One solution would be to rename the rasters from raster.1
.. raster.1000 ... to raster.00001 .. raster.01000 ...,
e. g. (in Sh):
GRASS> g.mlist type=rast pattern=raster.\* \
| sed -e 's/\([0-9]\+\)$/ \1/' \
| (while read pfx num ; do \
padded="$(printf %5d "$num")" \
g.rename rast="${pfx}${num}","${pfx}${padded}" \
done)
(The script is probably worth wrapping in a Sh script file.)
[...]
goldneaa wrote:
I have a quick question about the usage of d.slide.show. Right now I
am able to create a slide show for my raster files. Two problems I am
having so far is that my rasters are out of order. I know that when I
bring them in they are bringing them in in alphabetical order.
Example. raster.1,raster.10,raster100,raster1000,raster.1001. But
this is not the way I want them presented in my show. I need the
raters just to move from 1-1560. Is there a tool that will order my
rasters in this format for presentation in the show.
try this patch:
sort -n -k2 -t.
(sorts numerically instead of alphabetically, sorts on the second field
[delimited by a "."])
Index: d.slide.show
RCS file:
/home/grass/grassrepository/grass6/scripts/d.slide.show/d.slide.show,v
retrieving revision 1.13
diff -u -r1.13 d.slide.show
--- d.slide.show 17 Jun 2007 10:18:08 -0000 1.13
+++ d.slide.show 17 Jul 2007 05:42:49 -0000
@@ -175,7 +175,8 @@
then
continue
fi
- for i in MASK `ls cell/$PREFIX* 2> /dev/null`
+# for i in MASK `ls cell/$PREFIX* 2> /dev/null`
+ for i in MASK `ls cell/$PREFIX* | sort -n -k2 -t.`
do
i=`echo $i | sed 's/cell\///'`
if [ ! $i = "MASK" ]
but maybe that hits the max command line buffer of 4096 chars recently
seen in the csh thread??
The typical solution to this problem is to name the files (maps) as
raster.0001, raster.0002, ..., raster.1560.
e.g., to rename maps using awk + printf("%04d"):
#!/bin/sh
for MAP in `g.mlist pattern="raster.*"` ; do
NEW_NAME=`echo "$MAP" | awk -F. '{printf("%s.%04d", $1, $2)}'`
#echo "[$MAP] -> [$NEW_NAME]"
g.rename "$MAP,$NEW_NAME"
done
Second, between my raster files a white screen pops up and has
lettering from the file extension of my raster files. Is there a way
for the slideshow to simply just run through the rasters without
this interuption.
? No idea. What's the command line you are using? across=1 and down=1?

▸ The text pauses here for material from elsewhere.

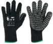Popis: Pletené rukavice s antivibračními polštářky z pěnového latexu v dlani, pružná manžeta. Doporučené aplikace: práce s vibračním nářadím, údržba zeleně, práce s motorovou pilou, silniční vrtačky, ponorné vibrační stroje, brusky.

It writes "$MAPNAME in $MAPSET" text in a caption at the bottom..?
You might also try xganim for the slideshow. (didn't Glynn write a
tcl replacement for this a while back?)
Also r.out.mpeg is there and http://grass.gdf-hannover.de/wiki/Movies
Hamish
Hamish <hamish_nospam@yahoo.com> writes:
[...]
> - for i in MASK `ls cell/$PREFIX* 2> /dev/null`
> +# for i in MASK `ls cell/$PREFIX* 2> /dev/null`
> + for i in MASK `ls cell/$PREFIX* | sort -n -k2 -t.`
> do
> i=`echo $i | sed 's/cell\///'`
> if [ ! $i = "MASK" ]
[...]
> The typical solution to this problem is to name the files (maps) as
> raster.0001, raster.0002, ..., raster.1560.
> e.g., to rename maps using awk + printf("%04d"):
> #!/bin/sh
> for MAP in `g.mlist pattern="raster.*"` ; do
> NEW_NAME=`echo "$MAP" | awk -F. '{printf("%s.%04d", $1, $2)}'`
> #echo "[$MAP] -> [$NEW_NAME]"
> g.rename "$MAP,$NEW_NAME"
> done
The sed and gawk are mostly interchangeable for the small tasks.
What I'd really like to suggest is to use
COMMAND | while read VARIABLE ; do ... done
loop instead of the currently used
for VARIABLE in `COMMAND` ; do ... done
one, since the former isn't subject to any command line length
limits and, besides, makes the code look better (especially if
one is to have a long pipeline as the COMMAND.)